The voice begins at unexpected intervals. Yesterday it interrupted my driving. “You’re not that good, really. You can pretend to be a tutor, but you know you’re faking. And what about your housekeeping? Or canning? The beans are rotting in the garden. You’re wasting your time…”
Whoo! What an ugly noise it makes, enough to make my innards quiver. My confidence deflates like a pot of fresh greens brought to a steam. If I am not careful my thoughts can lie there, green and slimy. Is there anyone who has not heard this foul muttering? Rather than roll over to have our hearts consumed by these vultures, let’s scare them off with the flash of reflected truth. The redeemed soul is alive, growing, and sustained by God.
A machine as any mechanical device that helps us do work. Its value comes from its capacity to perform something of benefit. Have you ever noticed the way those critical voices assume you are the sum of your performance? The car mechanic who removes the worn ball-joint from my car has found it unfit for its task and he throws it away as useless. When a plastic container cracks in the freezer the housekeeper throws it out. This principle applied to humans leads the naive to conclude if he fails he is worthless.
A similar kind of reasoning is to excuse poor behavior entirely on external causes. The London riots, some say, are the natural result of the poverty of the youth, as if their output can be no other given the input. We are predictable machines controlled by outside forces, if you believe it. I don’t. What machine has a will or intelligence or compassion? Only the human soul is capable of self-control, a gift undervalued in our day. When assailed by the fog of self-doubt, remember we are alive to God in Christ Jesus and that didn’t come as a result of our performance!
The nasty voices perceive human nature as something stuck in a permanent position. This spirit of condemnation says, “This person has failed and will never change.” Classifying souls with the same criteria as objects, we forget that where there is life, there is growth. A broken object is not going to change for the better (though it might disintegrate.) It can’t heal itself and it can’t improve. While we are right to make a decision to chuck that broken spatula, we misapply this principle to souls made in the image of the living God. Life is never still! The teen who appears to be permanently molded to resist work suddenly finds a passion that fires him through a long day of activity. Weren’t we silly to worry?
We are amazing creations, constantly converting our experience into wisdom, our understanding into new action. That condemning voice whispers from cruel naiveté when it insinuates our weakness is all we will ever be. Living creatures grow. We are living plants in the house of the Lord, where we will flourish.

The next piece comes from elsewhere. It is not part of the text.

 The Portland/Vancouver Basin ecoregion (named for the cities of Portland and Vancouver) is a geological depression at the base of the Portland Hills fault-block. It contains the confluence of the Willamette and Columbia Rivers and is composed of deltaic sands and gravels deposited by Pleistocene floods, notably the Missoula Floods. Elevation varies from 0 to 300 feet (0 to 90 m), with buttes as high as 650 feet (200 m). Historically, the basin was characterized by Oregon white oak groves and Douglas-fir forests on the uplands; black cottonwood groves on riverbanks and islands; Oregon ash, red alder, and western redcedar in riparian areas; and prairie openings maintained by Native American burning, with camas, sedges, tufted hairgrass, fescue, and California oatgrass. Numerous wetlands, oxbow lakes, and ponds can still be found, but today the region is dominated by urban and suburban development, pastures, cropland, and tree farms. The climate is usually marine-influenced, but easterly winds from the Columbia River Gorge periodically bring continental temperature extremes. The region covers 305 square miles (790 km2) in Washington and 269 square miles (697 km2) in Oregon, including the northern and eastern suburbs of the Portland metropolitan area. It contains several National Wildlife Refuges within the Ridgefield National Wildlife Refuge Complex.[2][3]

“Nothing can help you,” the voice says. “You can’t help being what you are.” In this it is the most mistaken! Any child of God can laugh it to silence. We are certainly not alone! Where our enemy thinks of us as a tool that can be handled, defined by our weakness, and utterly helpless, the truth sings to our hearts that God loves us deeply and intimately. If He is a vine, we are His branches. If we are corn growing in a field, He is the rain and sun that sustain us. Our roots cling tenaciously to the earth; our life has a hidden source beyond appearances. The mysterious activity of the Holy Spirit to will and to work out in us God’s pleasure is incomprehensible to our critics. For His name’s sake He moves us to repentance and bursts of growth that have no other explanation. We can do all things through Christ who strengthens us.

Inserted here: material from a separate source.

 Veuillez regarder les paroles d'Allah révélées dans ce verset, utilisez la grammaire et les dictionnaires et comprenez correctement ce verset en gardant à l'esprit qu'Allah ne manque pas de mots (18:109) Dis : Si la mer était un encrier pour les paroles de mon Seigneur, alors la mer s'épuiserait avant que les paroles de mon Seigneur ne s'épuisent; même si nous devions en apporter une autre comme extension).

Who is this corruption that speaks such lies into our hearts? Surely these voices are aligned with the accuser of the brethren. When we hear the lying voices let’s override them with the sound of the truth: the redeemed soul is alive and growing and sustained by our loving Lord. It is more than it seems. At every opportunity let’s remind our children, students, and friends that we are safe in His clasp and that from the curl of His hand we can laugh at the voices until they falter and fade in the music of our joy.
Beautiful. Thank you so much for sharing this. I am familiar with those voices. :) Your words are a huge encouragement!